Every record must be transcribed in its entirety, apart from the images, which are to be omitted.
++++ Supplied material ++++
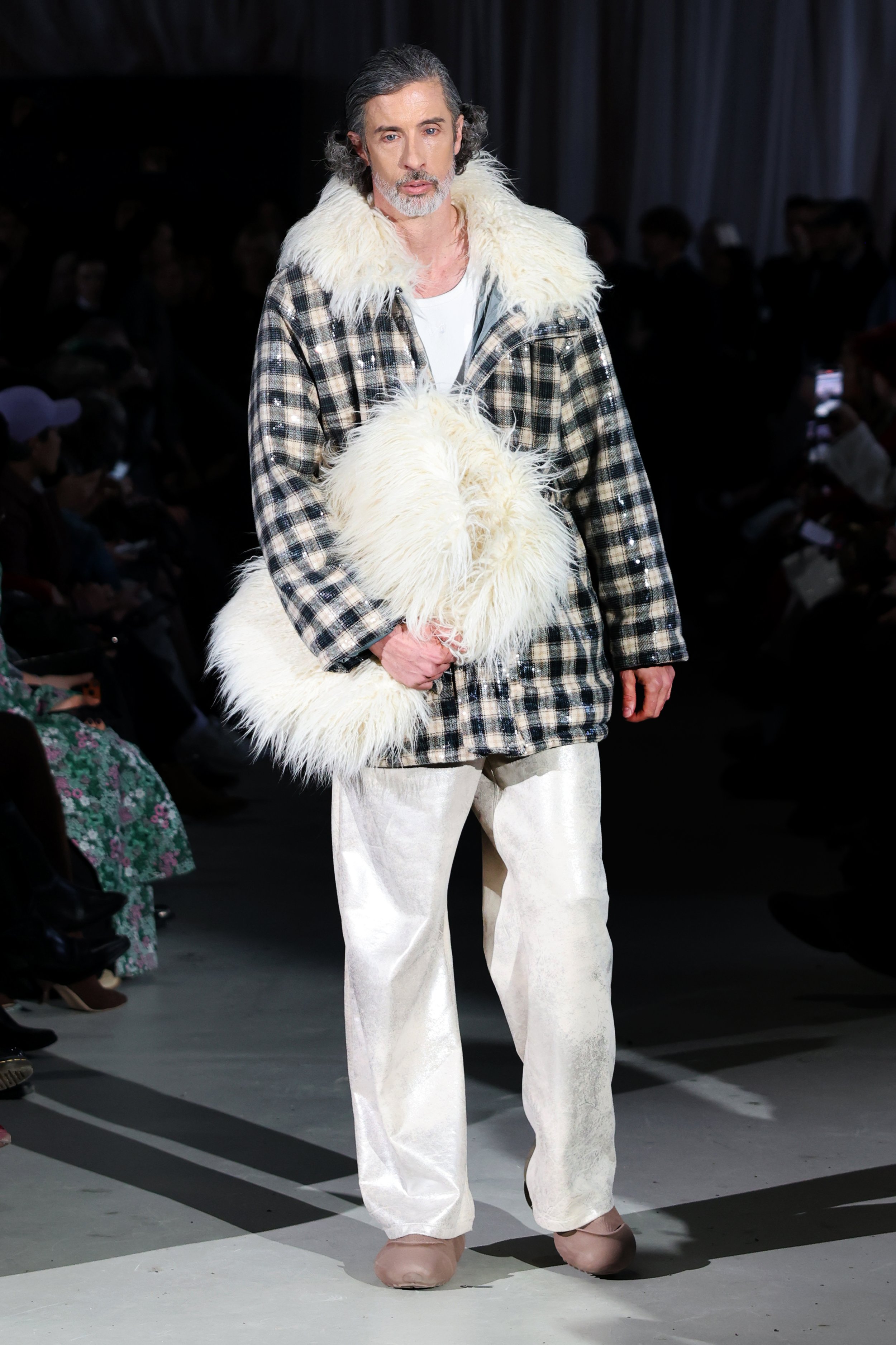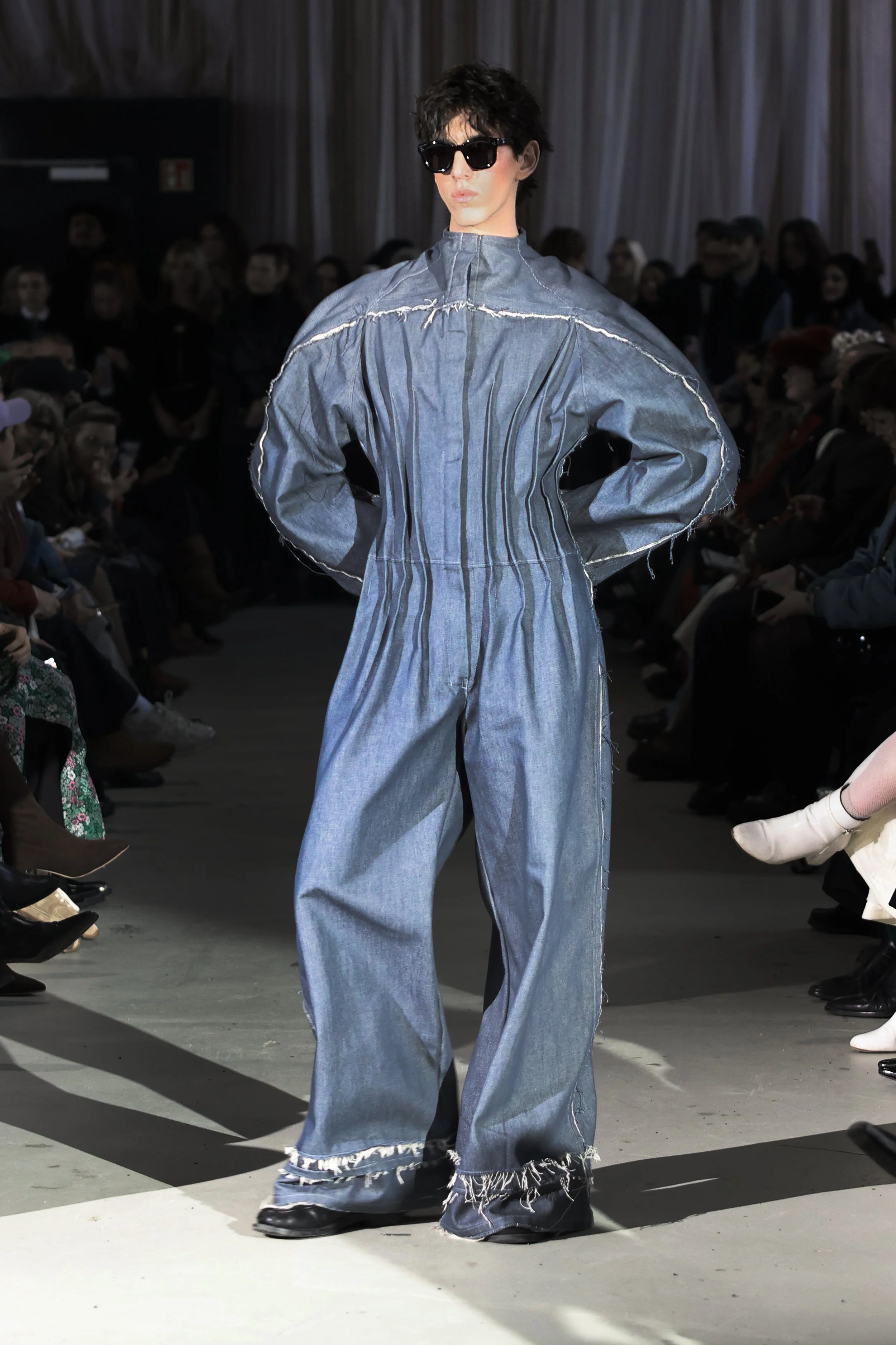 Production was minimal, likely to focus on the garments at hand. As the music progressed, so did the looks. For example, Look 4 jumps from a workwear-meets-couture denim pleated jumpsuit, to Look 5, a sweatpants suit decorated with exaggerated, fur square structures protruding from the shoulders.
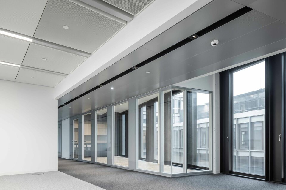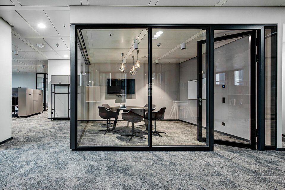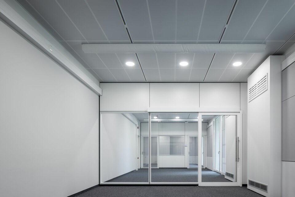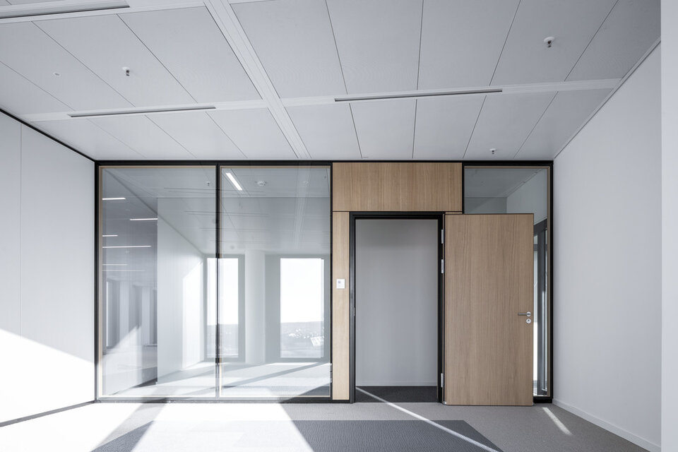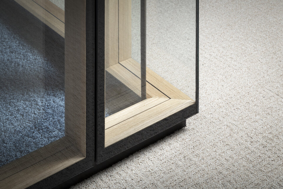Wir bieten Ihnen individuelle Gestaltungsmöglichkeiten durch Furnierung und farbliche Gestaltung der Glastrennwand-Profile. Zudem kann die Helligkeit mittels Integration von Jalousien im Scheibenzwischenraum ganz einfach reguliert werden.
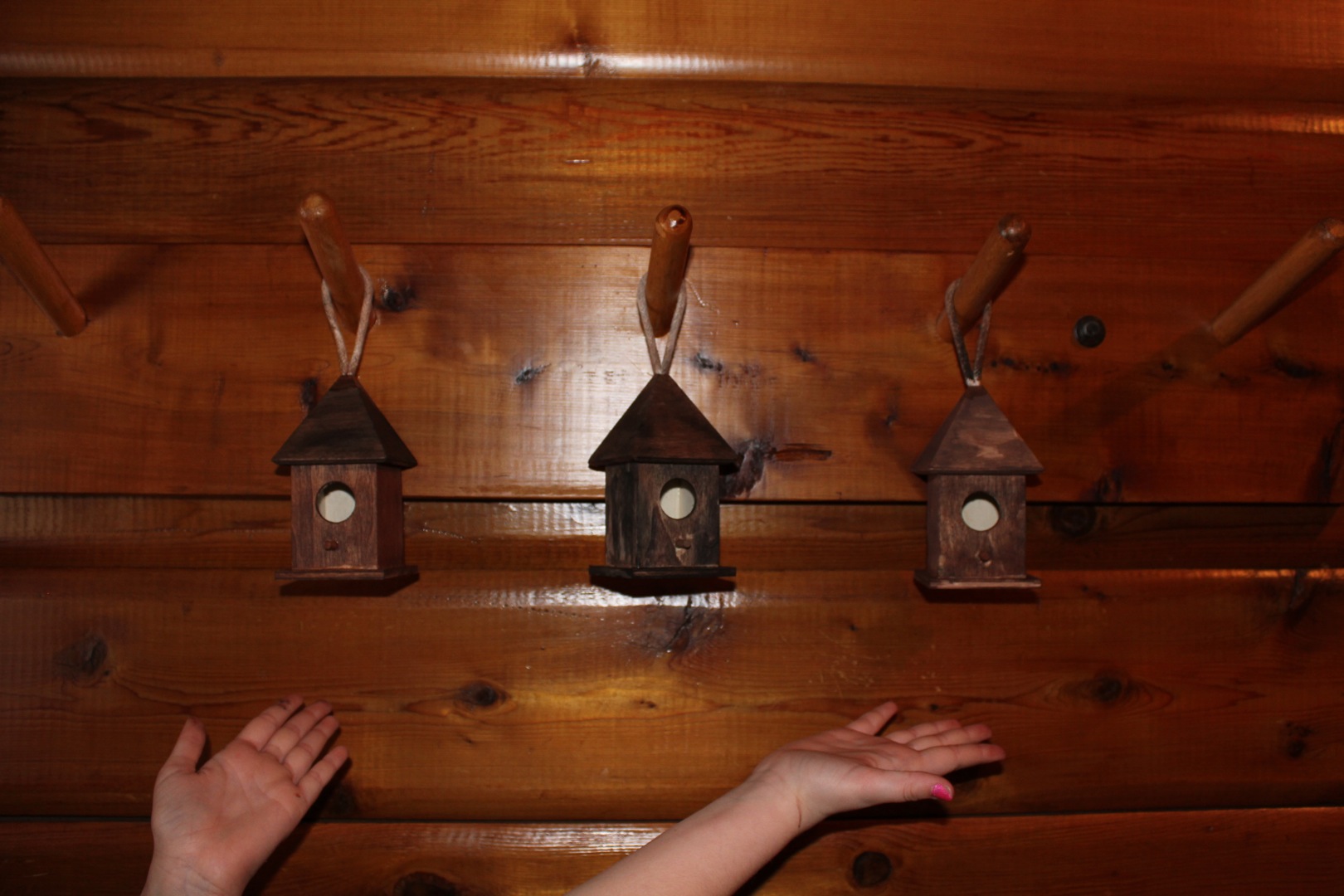 We began this project with these tiny little wooden birdhouses that I found at Michael’s craft store for $1.50 each, a few months ago. As they were very pale we decided to do a paint ‘wash’ by simply painting them with watered-down watercolor paint and also dipping the bright string in the dirty water so that the entire house would look old and weathered.
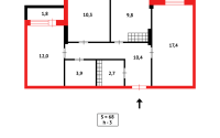 Площадью - 68,3 кв.м, кухня 9,8 кв.м. Солнечная сторона, не угловая.
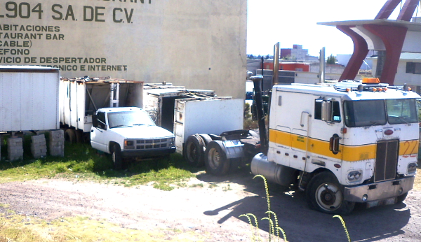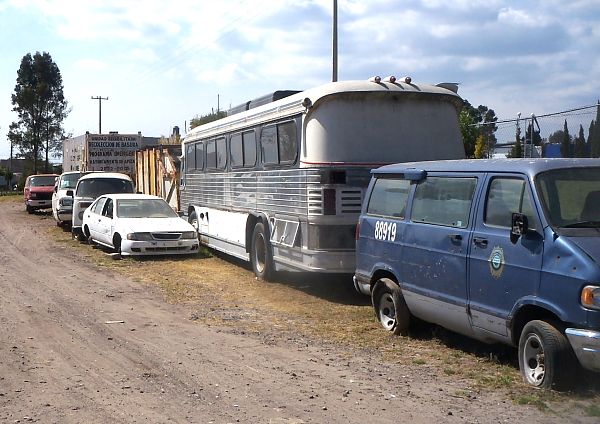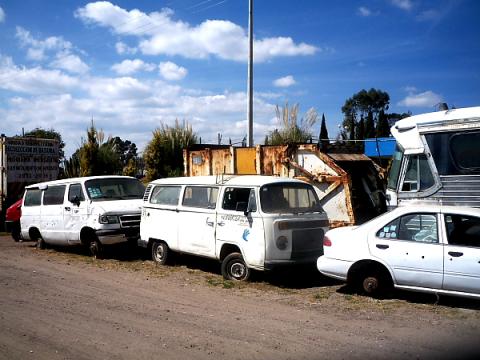 Lo rodean un autobús, autos, camionetas y otras unidades que pareciera que se encuentran en perfectas condiciones, sin embargo fueron llevadas a ese lugar por ser chatarra.
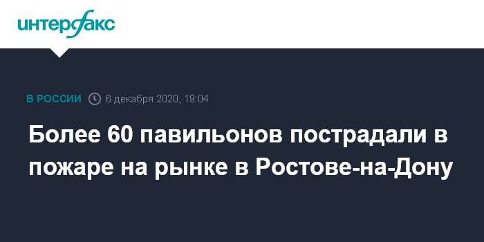 Более 60 павильонов пострадали в пожаре на рынке в Ростове-на-Дону
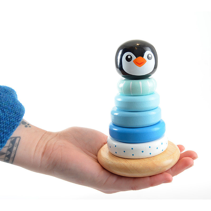 Ξύλινη πυραμίδα στοίβαξης σε μπλε αποχρώσεις και σχέδιο πιγκουΐνο από την εταιρία Magni. Κατασκευασμένη από υλικά υψηλής ποιότητας και χωρίς καμία βλαβερή ουσία ή τοξικά χρώματα. Διδάσκει στο παιδί τα χρώματα, τα μεγέθη και τα σχήματα ενώ παράλληλα συμβάλλει στην ανάπτυξη της λεπτής κινητικότητας και στον συντονισμό ματιού-χεριού. Kατάλληλο για ηλικίες 12+ μηνών.
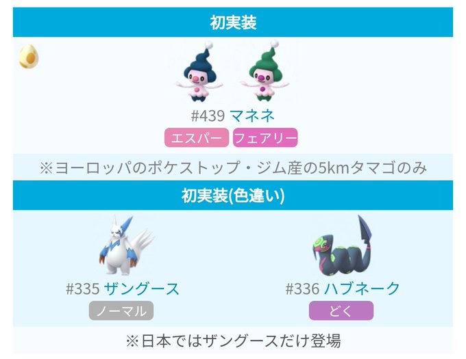 ポケモンgo マネネ実装 ハブネークとザングースの色違い実装 延期のファイヤーにラプラス pokemon go イベント情報 poke go life
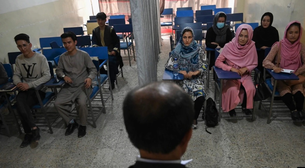 Aunque las universidades públicas están cerradas en Afganistán debido más que nada a la pandemia del coronavirus, las privada abrieron hace una semana y las clases están divididas por cortinas.
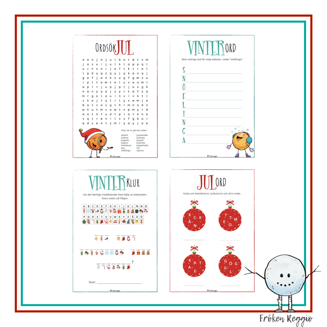 Blandade jul- och vinterinspirerade övningar med bl.a. ordsök, sudoku och hemliga meningar. 8 varianter med facit.
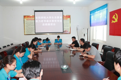 8月8日上午,老爷庙乡召开安阳师院大学生志愿者助力脱贫攻坚总结座谈会,全面总结反馈大学生志愿者在老爷庙乡助力脱贫攻坚期间的工作和生活情况。
++++
## Result
 Production was minimal, likely to focus on the garments at hand. As the music progressed, so did the looks. For example, Look 4 jumps from a workwear-meets-couture denim pleated jumpsuit, to Look 5, a sweatpants suit decorated with exaggerated, fur square structures protruding from the shoulders.
Wir bieten Ihnen individuelle Gestaltungsmöglichkeiten durch Furnierung und farbliche Gestaltung der Glastrennwand-Profile. Zudem kann die Helligkeit mittels Integration von Jalousien im Scheibenzwischenraum ganz einfach reguliert werden.
 We began this project with these tiny little wooden birdhouses that I found at Michael’s craft store for $1.50 each, a few months ago. As they were very pale we decided to do a paint ‘wash’ by simply painting them with watered-down watercolor paint and also dipping the bright string in the dirty water so that the entire house would look old and weathered.
 Площадью - 68,3 кв.м, кухня 9,8 кв.м. Солнечная сторона, не угловая.
 Lo rodean un autobús, autos, camionetas y otras unidades que pareciera que se encuentran en perfectas condiciones, sin embargo fueron llevadas a ese lugar por ser chatarra.
 Более 60 павильонов пострадали в пожаре на рынке в Ростове-на-Дону
 Ξύλινη πυραμίδα στοίβαξης σε μπλε αποχρώσεις και σχέδιο πιγκουΐνο από την εταιρία Magni. Κατασκευασμένη από υλικά υψηλής ποιότητας και χωρίς καμία βλαβερή ουσία ή τοξικά χρώματα. Διδάσκει στο παιδί τα χρώματα, τα μεγέθη και τα σχήματα ενώ παράλληλα συμβάλλει στην ανάπτυξη της λεπτής κινητικότητας και στον συντονισμό ματιού-χεριού. Kατάλληλο για ηλικίες 12+ μηνών.
 ポケモンgo マネネ実装 ハブネークとザングースの色違い実装 延期のファイヤーにラプラス pokemon go イベント情報 poke go life
 Aunque las universidades públicas están cerradas en Afganistán debido más que nada a la pandemia del coronavirus, las privada abrieron hace una semana y las clases están divididas por cortinas.
 Blandade jul- och vinterinspirerade övningar med bl.a. ordsök, sudoku och hemliga meningar. 8 varianter med facit.
 8月8日上午,老爷庙乡召开安阳师院大学生志愿者助力脱贫攻坚总结座谈会,全面总结反馈大学生志愿者在老爷庙乡助力脱贫攻坚期间的工作和生活情况。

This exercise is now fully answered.